╭─ Raw data

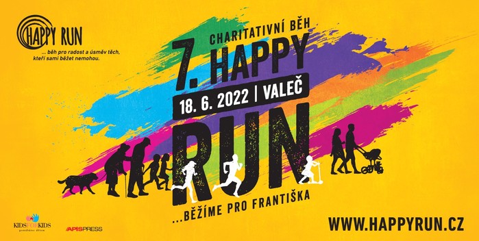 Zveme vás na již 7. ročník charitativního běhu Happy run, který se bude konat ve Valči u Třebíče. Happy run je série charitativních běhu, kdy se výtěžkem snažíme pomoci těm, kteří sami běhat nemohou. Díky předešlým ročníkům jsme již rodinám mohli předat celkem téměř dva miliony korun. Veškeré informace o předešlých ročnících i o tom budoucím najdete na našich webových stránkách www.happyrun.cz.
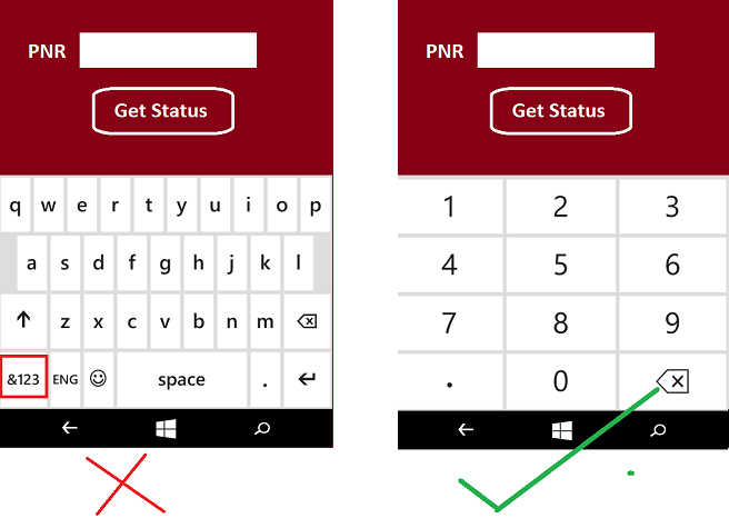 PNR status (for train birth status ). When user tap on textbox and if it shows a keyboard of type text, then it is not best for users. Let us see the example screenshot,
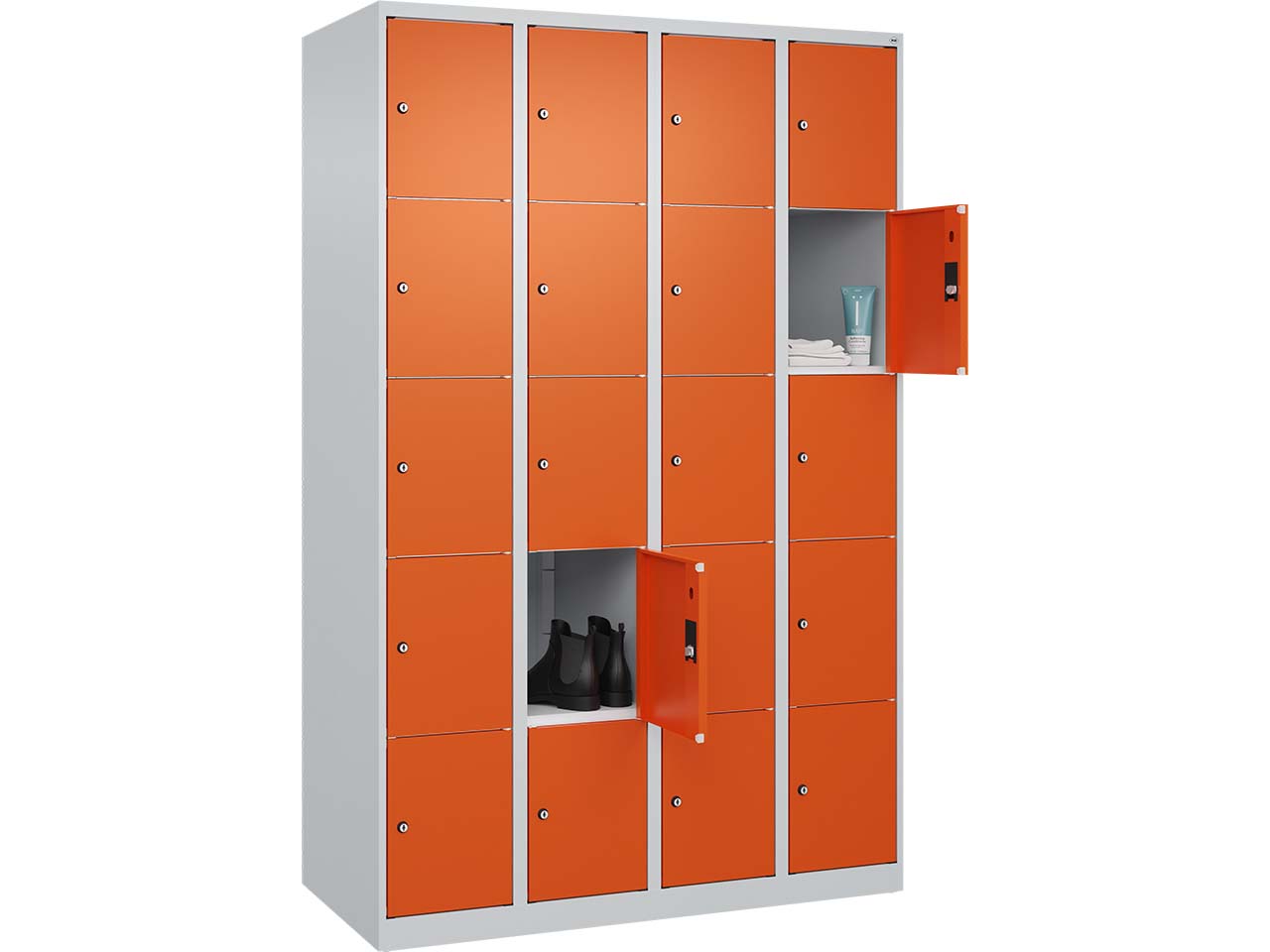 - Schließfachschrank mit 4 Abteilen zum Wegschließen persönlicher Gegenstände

╰─

▸ What to do:
Transcribe the listing above verbatim. No picture belongs in the result.

▸ Response to the task:
 Zveme vás na již 7. ročník charitativního běhu Happy run, který se bude konat ve Valči u Třebíče. Happy run je série charitativních běhu, kdy se výtěžkem snažíme pomoci těm, kteří sami běhat nemohou. Díky předešlým ročníkům jsme již rodinám mohli předat celkem téměř dva miliony korun. Veškeré informace o předešlých ročnících i o tom budoucím najdete na našich webových stránkách www.happyrun.cz.
 PNR status (for train birth status ). When user tap on textbox and if it shows a keyboard of type text, then it is not best for users. Let us see the example screenshot,
 - Schließfachschrank mit 4 Abteilen zum Wegschließen persönlicher Gegenstände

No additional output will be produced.